The number 247_679 is completely divisible by 9. What is the smallest whole digit that can replace the blank so that the resulting number is divisible by 9?

Introduction / Context:
This question checks understanding of the divisibility rule for 9. The rule is that a number is divisible by 9 if and only if the sum of its digits is a multiple of 9. A missing digit is represented by a blank, and we must find the smallest digit that makes the whole number divisible by 9. Such problems are very common in quantitative aptitude and basic number theory tests.

Given Data / Assumptions:

• The number has the form 247d679, where d is an unknown digit from 0 to 9.
• The full number must be divisible by 9.
• We must choose the smallest whole digit d that makes this happen.

Concept / Approach:
The divisibility rule for 9 says that the sum of all digits must be a multiple of 9. So we compute the sum of all known digits, express the total sum as that value plus d, and then find the smallest digit d between 0 and 9 that makes the total sum a multiple of 9. This is much faster than trying to divide each candidate number by 9 directly.

Step-by-Step Solution:
Write the number as 2, 4, 7, d, 6, 7, 9.Sum of known digits = 2 + 4 + 7 + 6 + 7 + 9.Compute this sum: 2 + 4 = 6, 6 + 7 = 13, 13 + 6 = 19, 19 + 7 = 26, 26 + 9 = 35.So the total digit sum is 35 + d.For divisibility by 9, 35 + d must be a multiple of 9.The multiples of 9 above 35 are 36, 45, 54, and so on.Check 36 first because we want the smallest possible d.If 35 + d = 36, then d = 36 - 35 = 1.Digit d must be between 0 and 9, and 1 satisfies this.Therefore the smallest whole digit that works is 1.

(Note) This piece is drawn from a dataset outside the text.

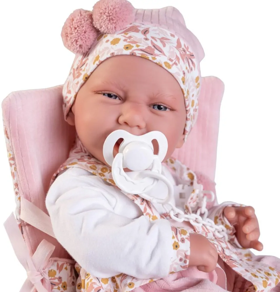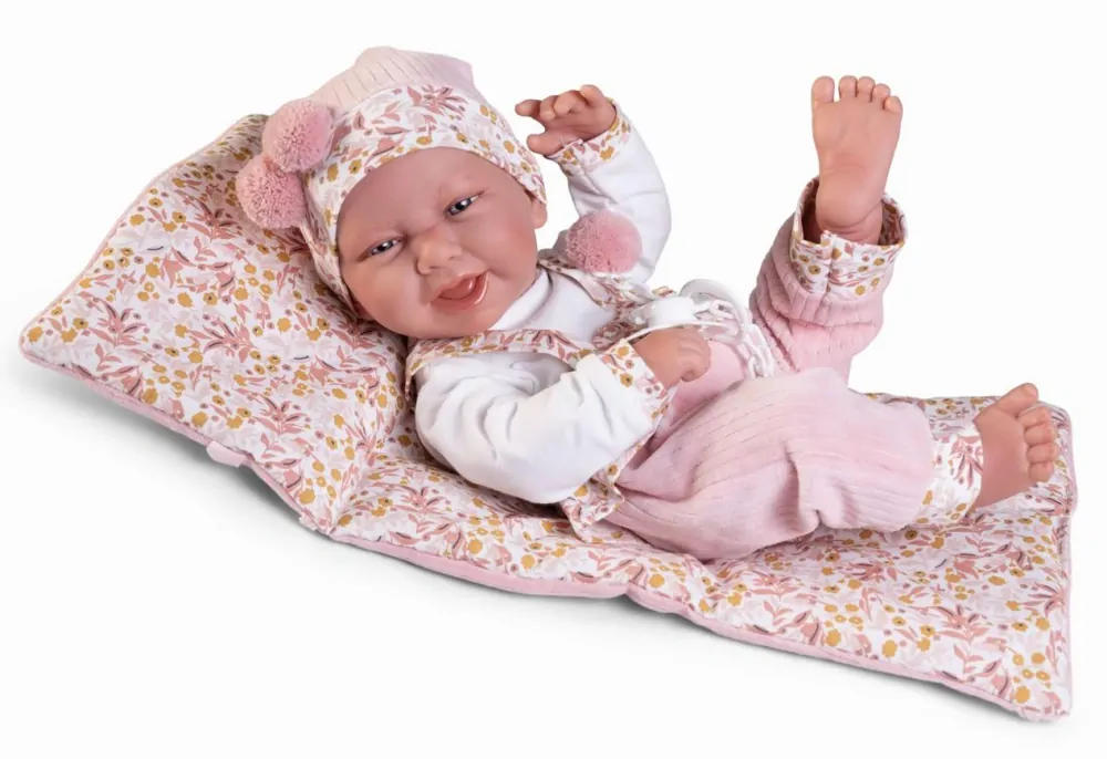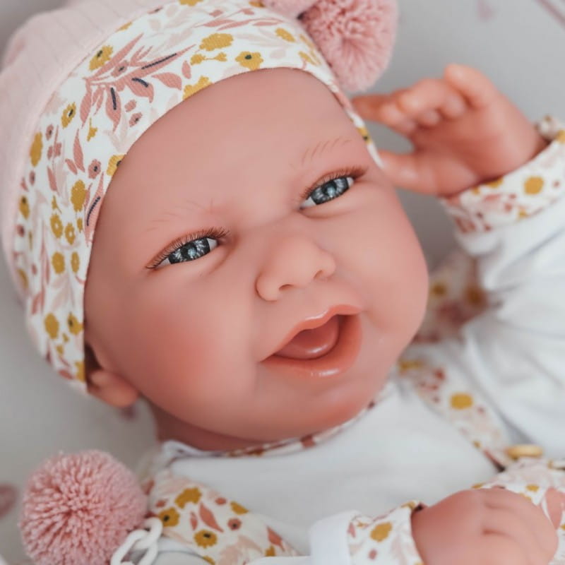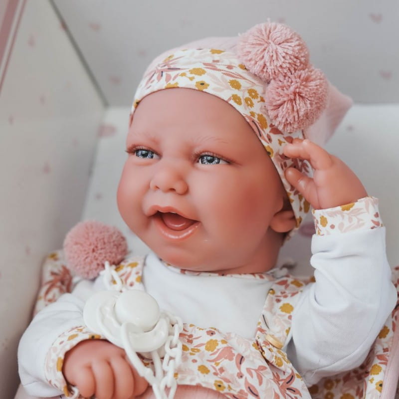 CARLA - lalka z tej serii to radosny, uśmiechnięty bobas wyglądający jak prawdziwe dziecko. Ma zaznaczoną płeć - dziewczynka i lekko wystający pępuszek. Zachwyca dopracowanymi detalami takimi jak: długie rzęsy, wyraźne zaznaczone paznokcie, fałdki na ciele, na dłoniach i stopach widoczne linie papilarne. Na główce ma rzeźbienia imitujące krótkie włoski noworodka. W otwartej buzi widoczny jest języczek i ząbki. Lalka w całości wykonana jest z przyjemnego w dotyku winylu. Ma ruchome rączki, nóżki i głowę. Dzięki temu może przybierać różne pozycje. Siedzi samodzielnie.

Verification / Alternative check:
If the number is 2471679 (with d = 1), recompute the sum of digits.Digit sum = 2 + 4 + 7 + 1 + 6 + 7 + 9 = 36.Since 36 is a multiple of 9, the number 2471679 is divisible by 9.If we tried any smaller digit such as 0, the sum would be 35, which is not divisible by 9, so 1 is indeed the smallest value.

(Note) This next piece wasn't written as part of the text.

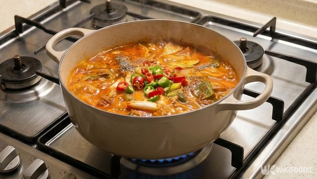 조리 중간에 위로 떠오르는 거품은 숟가락으로 정성껏 걷어낸다. 이 과정을 통해 텁텁하지 않은 맑은 국물이 만들어진다. 무가 젓가락으로 찔렀을 때 부드럽게 들어갈 정도로 익으면 대파와 고추를 넣는다.

Why Other Options Are Wrong:
If d = 2, the digit sum is 37, not a multiple of 9.If d = 5, the sum is 40, and if d = 7, the sum is 42. None of these are multiples of 9.Hence 2, 5, and 7 do not make the number divisible by 9.

Common Pitfalls:
Some learners may confuse the rule for 9 with the rule for 3, but both use the digit sum; the difference is in the multiple used.Others may try to work with the full number and do long division, which is slower and more error prone than using the digit sum method.A common mistake is to accept the first valid d without ensuring it is the smallest, but in this case 1 is already the smallest possible valid digit.

Final Answer:
The smallest digit that can replace the blank is 1.